I tried to convert a template file that I had to another one, by replacing some images and changing some custom properties / values. However I noticed that the produced ott (and odt) files had larger sizes than expected. When I unzipped them, I noticed that in the folder ‘Pictures’ they did contain images from the initial files which I had deleted via LibreOffice writer and they should not be there -as they are not accessible anymore via Writer. I also found in the styles.xml and manifest.xml there were references to old values which I had deleted/replaced with new ones. I just note that I had not enabled the tracking utility, and I can’t find a way to save the files without the old data inside them!!

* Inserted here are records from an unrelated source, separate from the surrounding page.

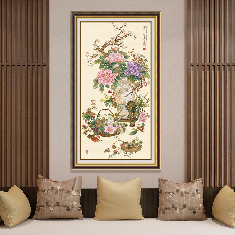 KS十字绣2023新款牡丹花典雅大气中式客厅线绣岁朝清供图 (二)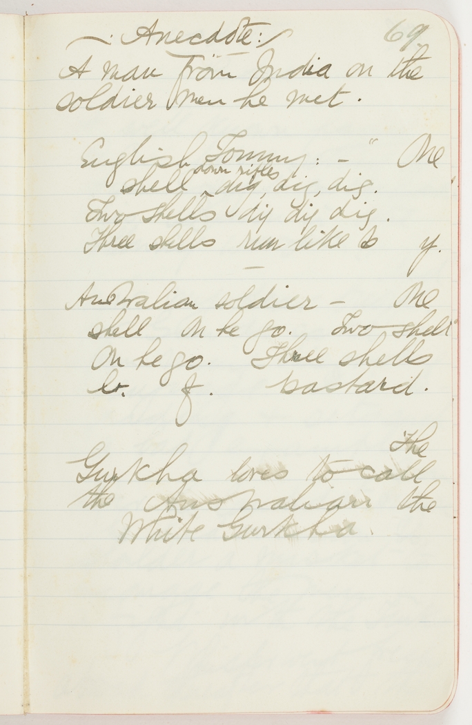Australian soldier - One shell on he go. Two shell On he go. Three shells b. f. bastard.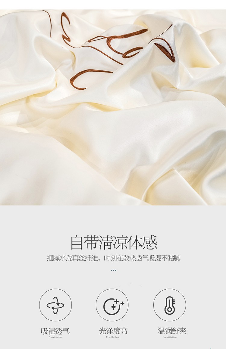 (总)骏腾 2022简爱水洗天丝绣花四件套水洗真丝三件套,宝蓝,湖蓝,酒红,墨绿,深灰,银灰,玉色

I find this very disturbing, as those data may be sensitive data, and it seems that while I do delete them and replace them via Writer, in the produced ott and odt files those data are not deleted - and they are easily accessible for anyone knowing that you can just unzip those files and look their contents inside via simple image viewers and text editors.

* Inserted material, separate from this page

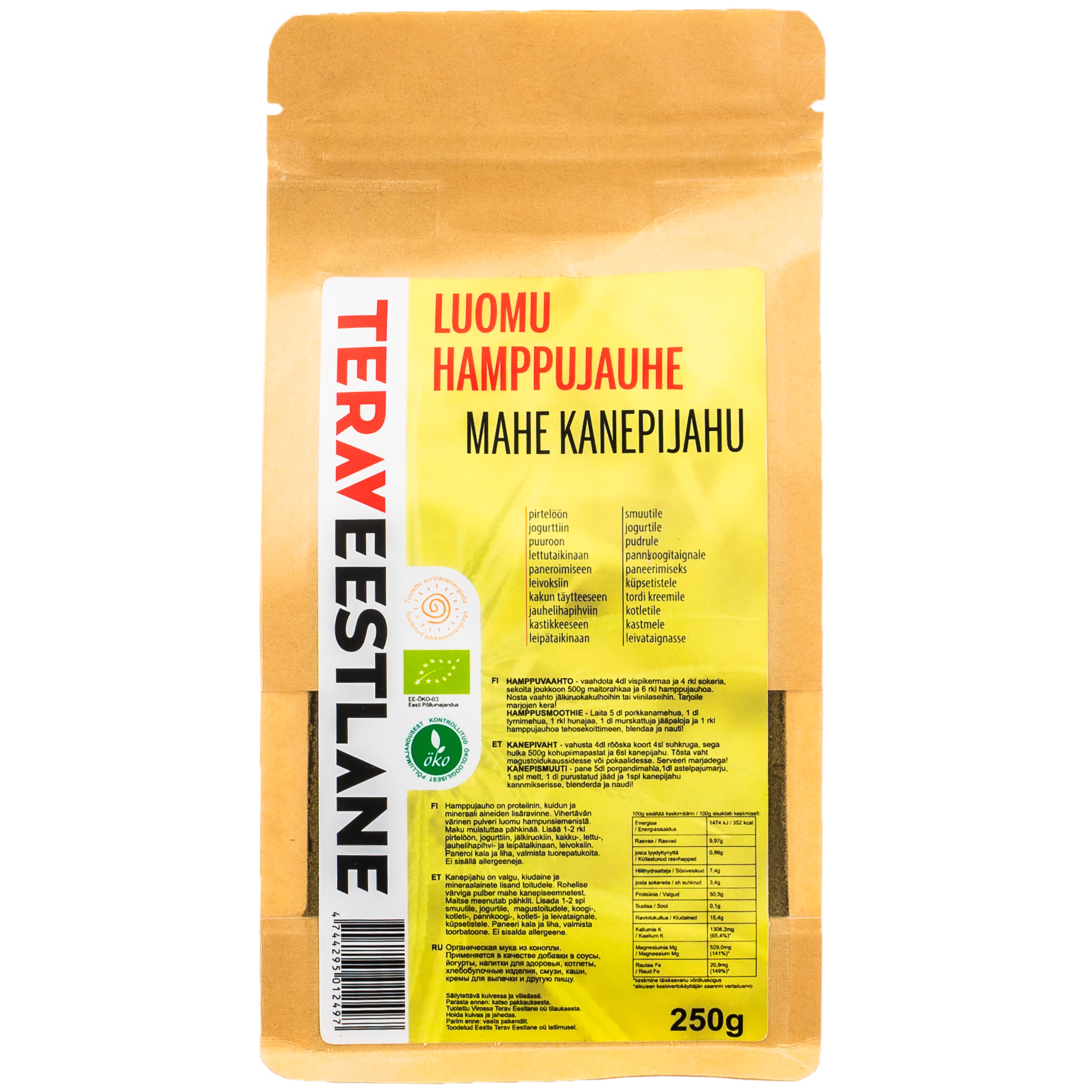 Hamppujauho on proteiinin, kuidun ja mineraali aineiden lisäravinne. Vihertävän värinen pulveri luomu hampunsiemenistä. Maku muistuttaa pähkinää. Lisää 1-2 rkl pirtelöön, jogurttiin, jälkiruokiin, kakku-, lettu-, jauhelihapihvi- ja leipätaikinaan, leivoksiin Paneroi kala ja liha, valmista tuorepatukoita. Ei sisällä allergeeneja.

So, my question is, if there is any way to clean the LibreOffice produced files from old records/data that are not visible/accessible from the Writer software anymore, not only in order to reduce size, but also to avoid sharing sensitive data.

Any solution?


Version: (x64) / LibreOffice Community
Build ID: 0f246aa12d0eee4a0f7adcefbf7c878fc2238db3
CPU threads: 4; OS: Windows 10.0 Build 19044; UI render: Skia/Raster; VCL: win
Locale: en-US (en_US); UI: en-US
Calc: threaded

Please provide such a file, so that the problem could be seen. E.g., maybe those images and other data relates to the unused, but still present styles?

Unfortunately I can’t share the file I have - due to it’s sensitive data - but based on your feedback I started removing elements of the document and checking in every step if the sensitive data was into the resulting saved file.

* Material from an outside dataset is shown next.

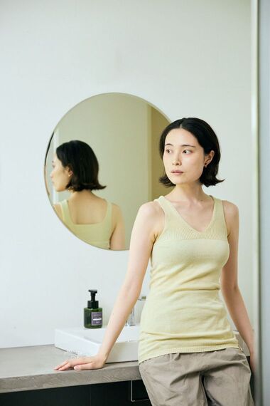 前後で着られるツーウェータンクトップやハイウエストレギンスなど5型ある。肌当たりの良いオーガニックコットンを使い、縫い代が肌に当たらずきれいなシルエットを出せる無縫製ニットを採用した。敏感肌の人や、自分をいたわり優しい物を身に着けたい人などに向けて届ける。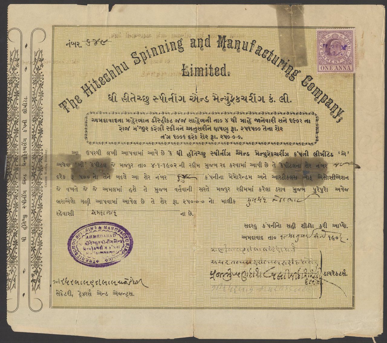 Incorporato sotto gli Indian Companies Acts.

It was interesting that although I had create a single empty page document, the sensitive data were still into the saved file. Then I started deleting styles. Through experimentation I found out that those data were related with a Page Style. This page style was not in use in the original document anymore. Thus when I deleted finally the size reduced and the sensitive data disappeared.

Having fix the issue with your hint, I provide also some notes for anyone encounter similar issues. The sensible text data were at the file styles.xml which seems to imply that was recorded into a style. More specifically they were located in a xml section called: style:master-page with the name as the name of the style I deleted to remove them. Thus instead of trying to search which is the data/style to remove as I did, someone can use this information to directly identify where the sensitive data are.

Some ideas: This issue also may open the need for other tools for LibreOffice: A styles applied counter, thus to be able to identify styles that are not used in the present document directly from their counter, and/or one resource reviewer if it doesn’t exist to identify resources (like images and styles) that are embedded to the saved files but are not used in the current instance of the document.

Anyway. I think the problem is solved - the data where indeed in an unused Page Style, and removed when that page style was deleted.

Thanks for your hint!